Patto di prova e violazione della normativa emergenziale
Com’è noto, a causa dell’emergenza epidemiologica da Covid-19, il DL n. 18/2020 (c.d. Decreto “Cura Italia”) ha prorogato il divieto di licenziamento per giustificato motivo oggettivo, il cui termine è stato successivamente esteso al 30 giugno 2021 dal D.L. n. 41/2021 (c.d. Decreto “Sostegni”). A tal riguardo, il Tribunale di Roma, con la sentenza del 25 marzo 2021 (APRI) si è pronunciato sulla illegittimità di un licenziamento comminato nel periodo di prova.
E’ il caso di una lavoratrice assunta con contratto, sottoscritto in data 1° marzo 2020, che prevedeva un periodo di prova di 6 mesi.

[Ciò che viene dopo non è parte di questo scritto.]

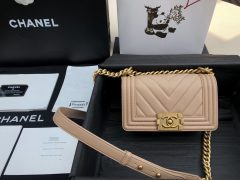 香奈兒Chane 小號LE BOY 口蓋包 杏色 GR小牛皮 V型車縫線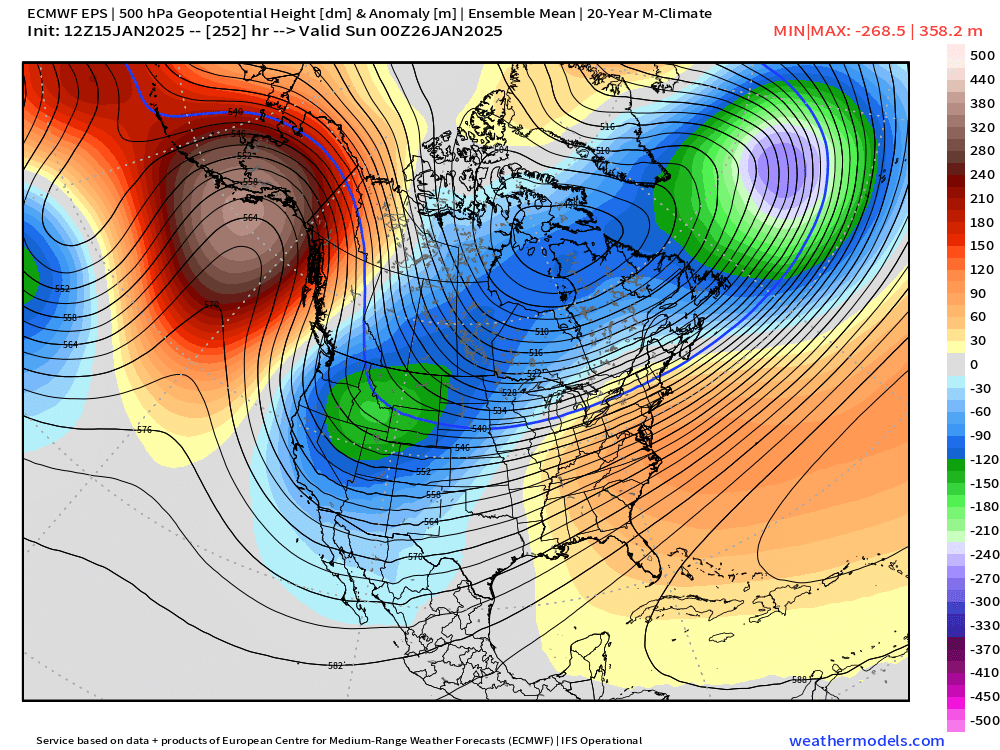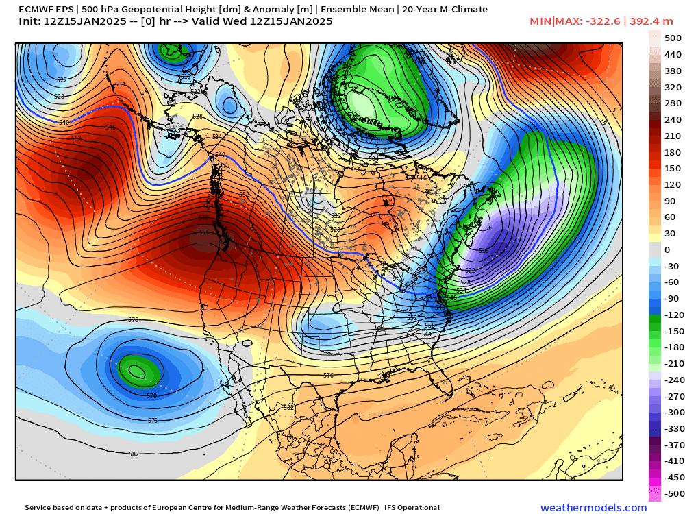 Over the past few days we have been in a pattern some people call “fake cold.” Regardless of what type of “cold” it is, the feeling on your skin is very much the same lol. This type of pattern would actually bring us very warm temperatures during spring or summer, but the low sun angle and long nights keep us cold down here in the valley below the layer of clouds and fog thus the name “fake cold.” This chart is a look at height anomalies for this time of year around thirty thousand feet up in the atmosphere. Basically Oregon is directly under a very warm ridge of high pressure.

Sebbene la ricorrente in smart working avesse continuato a svolgere le mansioni a cui era adibita, trascorso il periodo di prova, la società convenuta le aveva comunicato la volontà di risolvere il rapporto di lavoro. A fronte di ciò, il Giudice dichiarava nullo il licenziamento irrogato alla ricorrente, disponendone la reintegra.

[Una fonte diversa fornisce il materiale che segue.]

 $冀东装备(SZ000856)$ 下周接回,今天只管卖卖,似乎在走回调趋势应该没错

Sul punto, si osservi che le parti, preliminarmente alla stipula di un contratto di lavoro, possono prevedere la cosiddetta clausola del “patto di prova” e cioè l’effettuazione di un periodo durante il quale il lavoratore ha gli stessi diritti e doveri di un qualsiasi altro dipendente ed, inoltre, che la citata clausola deve contenere l’indicazione specifica delle mansioni affidate al lavoratore, al fine di provare il positivo superamento del periodo stesso.
La Suprema Corte ha ribadito, a tal proposito, che “incombe sul lavoratore licenziato, che deduca in sede giurisdizionale la nullità di tale recesso, l’onere di provare, secondo la regola generale di cui all’art. 2697 cc, sia il positivo superamento del patto del periodo di prova, sia che il recesso è stato determinato da un motivo illecito” (Cass. n. 21784 del 14/10/2009; n. 16224 del 27/6/2013). Pertanto, nel caso di specie, il periodo di prova risulta superato dalla ricorrente per il principio di non contestazione.
Nella citata pronuncia, inoltre, il Giudice ha ritenuto il licenziamento intimato alla dipendente, determinato da un motivo illecito, poiché era stato irrogato per motivi economici e non per mancato superamento del periodo di prova.
Pertanto, il Tribunale ha dichiarato la nullità del licenziamento e ordinato la reintegra nel posto di lavoro precedentemente occupato dalla lavoratrice, condannando l’Azienda a corrispondere alla stessa tutte le retribuzioni maturate dal 16 marzo 2020 fino all’effettiva reintegrazione.